Après le rude hiver de 1956, on vit apparaître le squelette des oliviers. Jusque-là ils avaient été grecs de la belle époque; brusquement, ils s'étaient dépaysés, ils avaient voyagé dans le temps et dans l'espace jusqu'à la brutalité et la sauvagerie des totems; ils couvraient désormais les collines de diagrammes rituels. Ce que les poètes avaient fait du chevalier, de la dame du moine, du roi, du pape, de l'empereur du Moyen Âge dans les danses macabres, le gel l'avait fait avec les arbres, et surtout avec les arbres éternels, sur lesquels les saisons passaient sans marquer.

     

 

Du jour au lendemain, après des nuits de moins trente, leur sort fut réglé; après quelques semaines, ils apparurent dans leur véritable identité. Sur l'emplacement du verger donneur d'huile avec lequel on avait jusqu'ici l'habitude de vivre en bonne compagnie (c'est-à-dire en hypocrisie naturelle), apparut une atroce simplification avec laquelle désormais il n'était plus possible de ruser, et qui ne pouvait plus servir à aucun mensonge. Comme le pape enfin dépouillé de ses turpitudes, réduit à une cage d'os où seul le vent peut siffler, comme le chevalier bouilli dans le dernier combat jusqu'à n'être plus qu'osselets, comme la femme devenue simple agencement de leviers très mathématiques, les squelettes d'arbres nous contraignaient à l'enquête toujours retardée sur la réalité et sur l'aspect du monde

Brusquement, à l'époque du plus flamboyant progrès, il nous était demandé de rejoindre une plus haute pensée. Tout ce qui nous paraissait merveilleusement esprit froid, méthodique, automatique, logique, technique, il nous était commandé de le penser à nouveau avec un esprit vraiment froid, méthodique, automatique, logique, technique, dépouillé de tout le romantisme de la science moderne, repris par la magistrale précision du poète du fantastique.

Les paysages qui, jusqu'alors, avaient été naturels devenaient magiques, et leur transformation faisait comprendre l'extraordinaire complication du naturel. Certains vallons de délices virgiliens étaient devenus les places d'armes de l'enfer. Dépouillées de tout un apparat d'espérances, les collines dressaient le théâtre d'un « après la mort » où l'on entrait tremblant de peur et de curiosité. On entendait une voix bien plus moderne que celle des temps modernes, le cliquetis des petites machines à calculer sonnait faux, c'est-à-dire composait une architecture sur l'erreur, une symphonie sur le désaccord, tout aussi équilibrée l'architecture, tout aussi spirituelle la symphonie, que celles dont le monde avait été construit jusqu'à présent, et les grandes machines à calculer commencèrent à ronronner comme des tigres, c'est-à-dire avec un manifeste instinct de conservation.
                            

  

Alors qu'au Moyen Âge la danse macabre était la fin de toute vanité, les huit cent mille squelettes des oliviers de Provence morts de gel installaient une vanité nouvelle à partir de laquelle le monde pouvait se reconstruire à reculons. Un décharnement qui laissait l'esprit nu, libre et léger, et, comme dans les anciennes danses macabres, on voyait le squelette du pape, de l'empereur, du chevalier ou de la dame esquisser un pas de polka, et même « jeter la jambe en l'air », ici c'était l'esprit qui se dévergondait, changeait de morale, faisait des découvertes dans l'espace (comme il y a une géométrie dans l'espace).

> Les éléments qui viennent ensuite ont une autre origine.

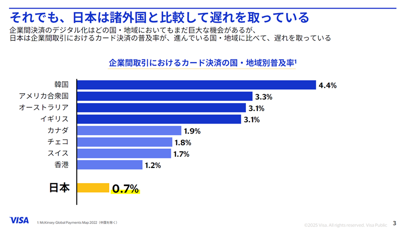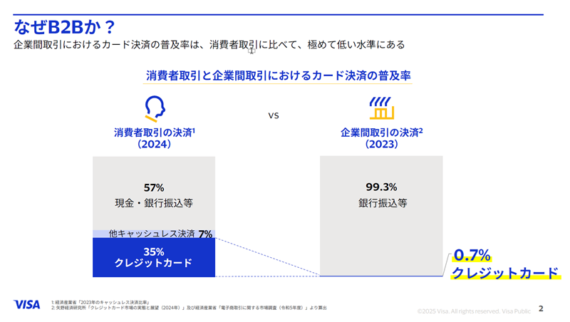 企業間取引におけるカード決済の普及率は、消費者取引に比べて、極めて低い水準にあるという。日本の企業間取引の決済は年間1,000兆円を超える取引額と巨大な市場にもかかわらず、その取引の多くが銀行振込で決済されている。2023年の企業間決済は99.3%が銀行振り込みなどであり、カード決済の普及率は0.7%となっている。
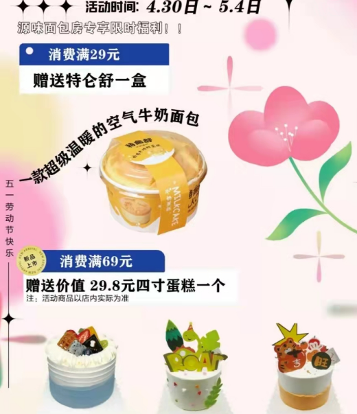 第二波:活动时间2022年4月30日—2022年5月4日,亨源通超市源味面包房专享限时福利开送啦!在源味面包房消费满29元,赠送特仑舒空气牛奶面包一盒,消费满69元,赠送价值29.8元四寸蛋糕一个,爱好甜品的小伙伴们,还不快快行动起来!
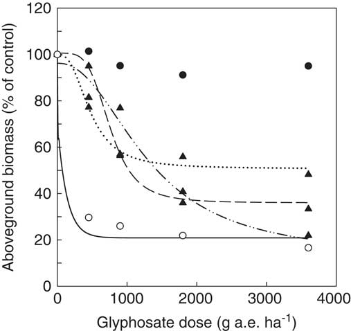 Figure 4 Dose response of five representative Conyza canadensis accessions: a target-site resistant accession from Ontario (Cc12, ●), non–target site resistant accessions from Ontario (Cc51, ▲,
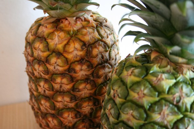 Skerið ananasinn í tvennt, langsum, og skerið aldinkjötið úr. Saxið aldinkjötið og setjið til hliðar.

Que les anciens mythes de Pan étaient reposants à côté de cette réalité si objective, si concrète, de ce mystère si clair, de ces tombeaux qui ne laissaient plus échapper les os des jugements, mais les nudités d'une sorte de super french-cancan, plein d'humour puisqu'il préludait à des recommencements sans fin, et toujours pour des fins dérisoires. De là dans la construction de ces « corps morts » le concours de toute la géométrie plane, aussi sèche que dans l'âme de Monsieur Euclide, mais combien émouvante, car, au simple souvenir du feuillage gris, grec de la belle époque, qu'elle avait si longtemps porté, nous comprenions enfin qu'elle était la charpente de notre joie avant d'être (comme il se doit, et comme on sait) la charpente de l'univers.